Mid-year musing #3: Invite others inJul 29, 2019
Sometimes listening is an act of patience. It can be like going to your partner’s family reunion and realising you don’t have much in common with your in-laws. Maybe you want to give up. Maybe you want to walk (or even run!) away, but instead you breathe deeply, sharpen your focus and continue listening.
If you can bring compassion to your listening and reach down into the ground of common humanity, then you can move at the pace of grace. Sometimes that listening allows all the chatter to blow away and the genuine person underneath to surface.
Let’s face it, humans are messy creatures. Therefore human relationships are messy too. It takes a lot of personal reflection to realise you have a choice in every moment. Viktor Frankl pointed to that choice so elegantly in his work “Man’s Search for Meaning“. In it he said that when every other choice is taken away, all other freedoms are gone, you still have a choice. You have the choice about how you will respond.

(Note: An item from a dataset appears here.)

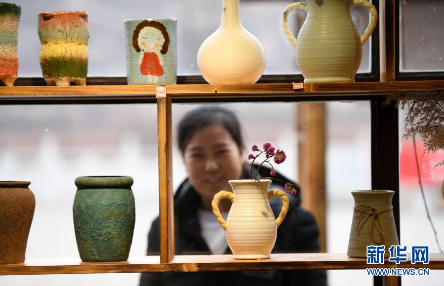 11月23日,一名游客在石家庄市井陉县秀林镇南横口村陶瓷水镇陶器商店观看商品。
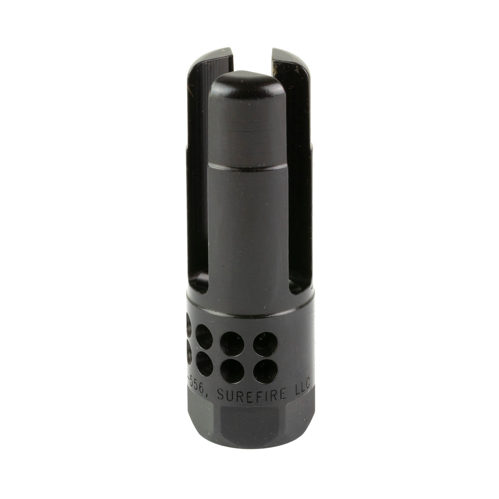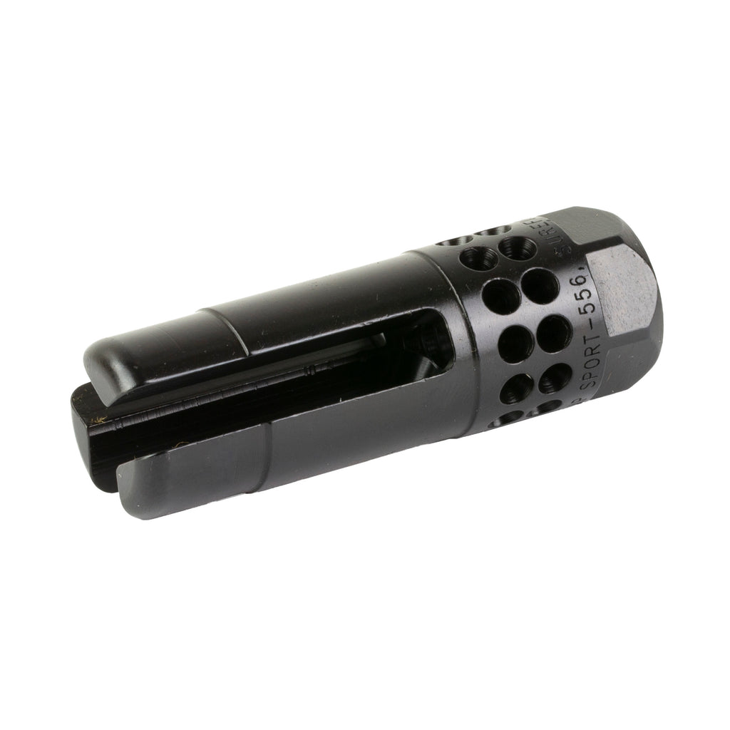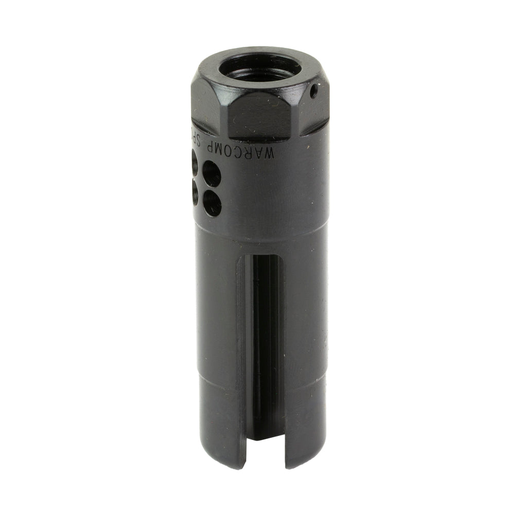 Flash hider? Muzzle brake? The proprietary design of SureFire's WARCOMP SPORT flash hiders provides the best attributes of both devices. The SureFire WARCOMP SPORT incorporates the essential features of the world's most shoot-able flash hider, the SureFire WARCOMP, in a model designed specifically for use on an unsuppressed rifle or carbine. Its expertly designed porting significantly reduces both muzzle flash and muzzle rise, helping to conceal your location and preserve dark-adapted vision, while helping you stay on target for faster follow-up shots. The WARCOMP SPORT effectively eliminates 98% of all muzzle flash, even on short-barreled rifles. All WARCOMP SPORT flash hiders are precision-machined from heat-treated U.S. mill-certified chromoly bar stock for extreme durability and corrosion resistance, and Nitride QPQ-coated for wear resistance and ease of maintenance. Installation requires no permanent modifications to the weapon system. Note: The WARCOMP SPORT is not compatible with SureFire suppressors

The key lies in the gap between stimulus and response. Most of us don’t notice there is a gap. The stimulus comes in and we react according to our story of what just happened.
But take those letters REACT and shuffle them around. Add an “E” for equanimity and you get CREATE. The difference between REACT and CREATE is the difference between painting yourself into the corner of assumption and standing curious in the middle of the room, ready to move anywhere.
The key to mastering the gap? Breath. In the moment something happens don’t just do something, stand there*. Breathe deeply all the way down to your toes and ask a question instead. An assumption closes the door. A question opens it.
Every human being on the planet is looking for just two things — love and acceptance. Sometimes they aren’t very skilful in how they go about trying to get those things. I’ve noticed that people often repeat themselves and get louder as they keep going. I’ve come to realise it is because they feel they’ve never really been listened to. They’ve never felt themselves fully accepted. If they had, they would be able to listen first instead of trying to assert their point more strongly.
That makes it really interesting to have a look at who gets to speak and who gets listened to in any culture. It intrigued me to see the data around how much men spoke and much women spoke across the series of Game of Thrones. The data was compiled by Ceretai, a Swedish start-up that uses machine learning to analyse diversity in popular culture. This just picks up one aspect of our culture — gender bias — but there are so many more dynamics to have a look at.
Stephen Covey had as one of his seven habits of highly effective people seek first to understand. then to be understood. The fastest way to do that is listening. We talk about listening as a skill, or maybe an art. But in truth, listening is a service, one of the greatest acts of love you can offer another human being. It is the beginning of what might be. Start listening and invite someone in today.
* Also the name of a great book by Marvin Weisbord and Sandra Janoff.